I have two tibbles and need to index the data in one tibble and insert some specific data in the other tibble based on a variable in the first tibble.
I have two tibbles:
library(dplyr)
# Set seed
set.seed(10)
# Get data
df1 <- starwars %>%
select(name,species) %>%
filter(species %in% c("Human","Wookiee","Droid")) %>%
mutate(Fav_colour = sample(c("blue","red","green"),n(),replace=TRUE))
# Random table with typical colour preference
df2 <- tibble(Colour = c("blue","green","red"),
Human = c(0.5,0.3,0.1),
Wookiee = c(0.2,0.8,0.5),
Droid = c(0.3,0.1,0.5))
In df1 I need to insert the typical colour preference based on the species. To do this I can iterate through each row of the tibble in a for loop, add the relevant data, then compile into a list.
# Make empty list
data <- list()
# Iterate through each row
for (x in 1:nrow(df1)) {
# Take a slice
tmp <- slice(df1, x)
# Add new column to slice based on data in slice (species)
tmp$Typical <- df2 %>%
select(Colour,tmp$species) %>%
arrange(desc(.data[[tmp$species]])) %>%
slice_head(n = 1) %>%
select(Colour) %>%
as.character()
#Add data to list
data[[x]] <- tmp
}
#Recompile df1
df1 <- list.rbind(data)
I think there must be a more efficient way to do this, but can't figure out how to obtain filtered and arranged values from df2 without putting it through a for loop. I don't know how to do this, but is sapply with a function perhaps better option? What is the dplyr way of doing this without a for loop?

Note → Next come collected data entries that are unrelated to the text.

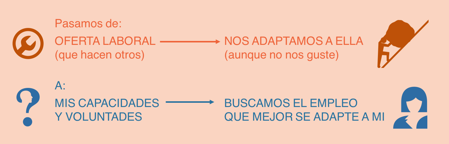 ¿Por qué para los mayores de 50 años no nos sirven los métodos tradicionales de búsqueda de trabajo? Porque estos están pensados y diseñados desde la oferta (los empleadores), esperando que las personas encajen en los puestos que los ofertantes ponen a disposición del mercado laboral, y estos solo piensan en contratar personas más jóvenes. Se siguen unos patrones estándares, se sigue lo que siempre se ha hecho.
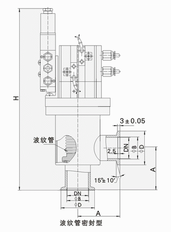 GDQ-J(b)/KF型系列气动高真空挡板阀轴封为波纹管密封。该阀以压缩空气为动力,通过电磁换向阀改变气路方向,在失去电源或压缩空气时,阀门将依靠弹簧力自动关闭,达到在真空系统中接通或切断气流的目的。本阀具有工作稳定、密封可靠、寿命长等一系列优点,是真空设备的自动化首选阀门之一。阀门有常开和常闭功能,可选配磁性开关信号控制和防暴电磁阀装置。适用的工作介质为空气及腐蚀性气体。
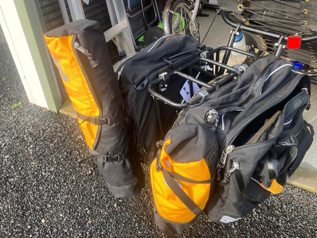 Not good enough yet though. I had sized it so the Veltop fitting would be out of the way of the panniers; except when I attached the tube bags that fit on the rear of each pannier there was a clash. Maybe I will have to send off for the Veltop fitting that bolts onto the seat. One more go and I will decide. Ideally I can make a fitting that holds the Veltop rear bracket and also has posts for lighting and a hole or holes for flag/s to sit in. That’s my aspiration!
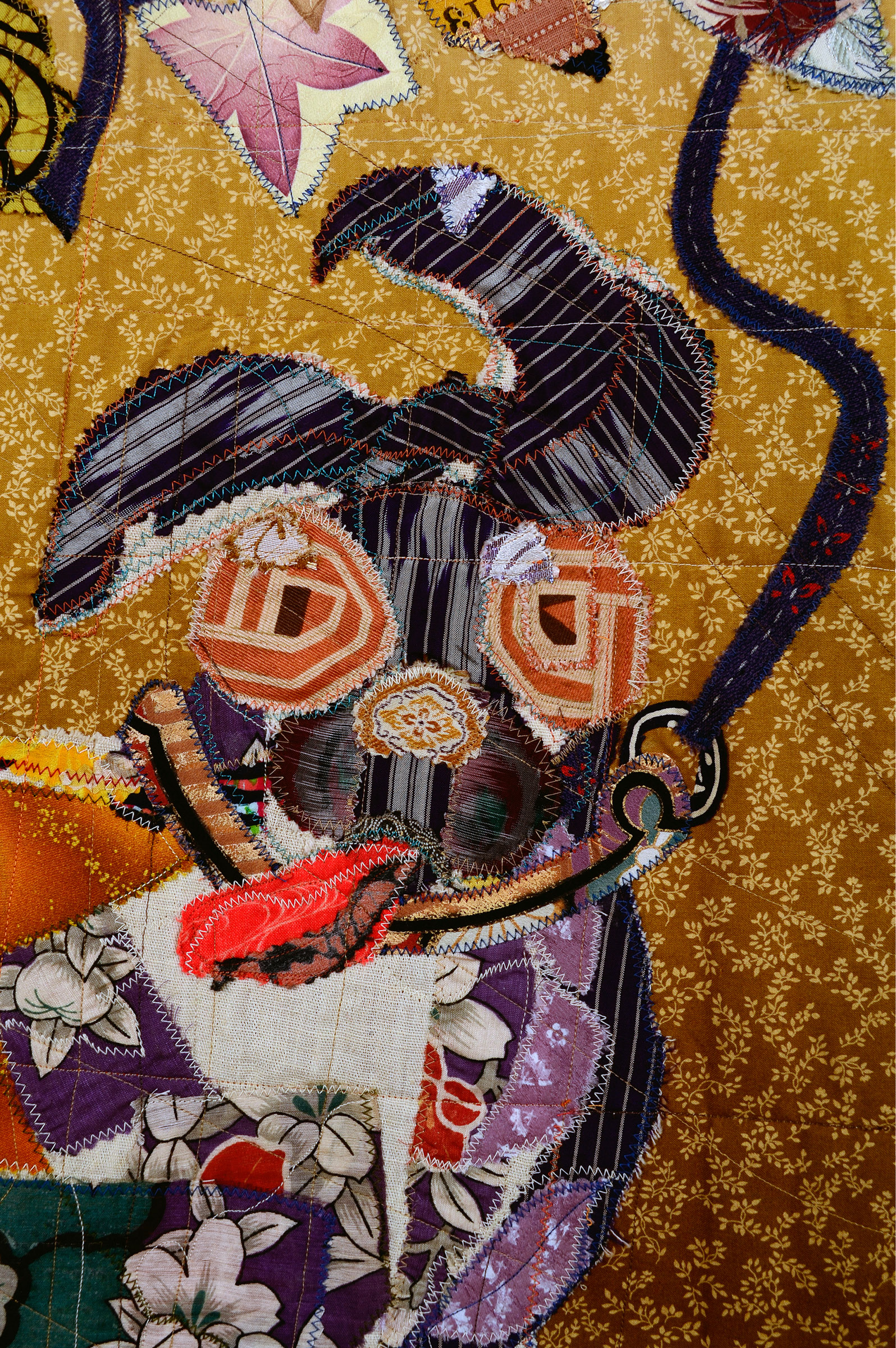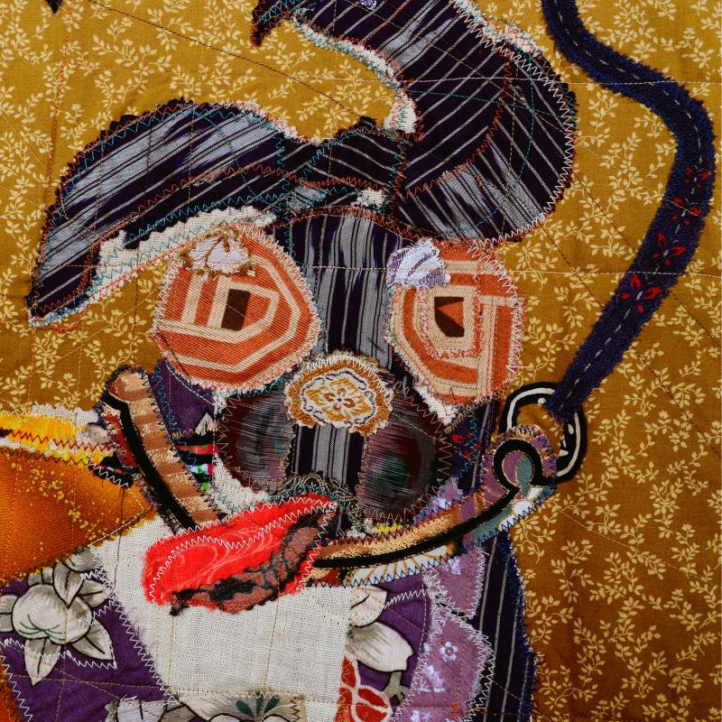 This piece began with no plan, no sketches, just free- cutting cloth until it released the image. Yellow Bali cloth starts to become a coat. Suddenly, the arms, hands, and face are all there in that one cutting process. Add/ subtract until the art reaches level at 0.

CodePudding user response:
It sounds like you want from df2
the largest value per species. If we pivot_longer
to make the species be specified in one column, and the value in another, we can group by species and keep the largest value. This lookup table (with colour value per species) can be joined to the original data.
df1 %>%
left_join(
df2 %>%
tidyr::pivot_longer(2:4, names_to = "species") %>%
group_by(species) %>%
slice_max(value)
)
Result
Joining with `by = join_by(species)`
# A tibble: 43 × 5
name species Fav_colour Colour value
<chr> <chr> <chr> <chr> <dbl>
1 Luke Skywalker Human green blue 0.5
2 C-3PO Droid blue red 0.5
3 R2-D2 Droid red red 0.5
4 Darth Vader Human green blue 0.5
5 Leia Organa Human red blue 0.5
6 Owen Lars Human green blue 0.5
7 Beru Whitesun lars Human green blue 0.5
8 R5-D4 Droid green red 0.5
9 Biggs Darklighter Human green blue 0.5
10 Obi-Wan Kenobi Human green blue 0.5
# … with 33 more rows
# ℹ Use `print(n = ...)` to see more rows
CodePudding user response:
Please check the alternate approach without the use of loop, check the df4 dataframe
df3 <- df2 %>%
pivot_longer(c('Human','Wookiee','Droid'),names_to = 'species', values_to = 'score') %>%
arrange(species, desc(score)) %>%
group_by(species) %>% slice(1)
df4 <- df1 %>% left_join(df3, by='species') %>% rename(Typical = Colour) %>% select(-score)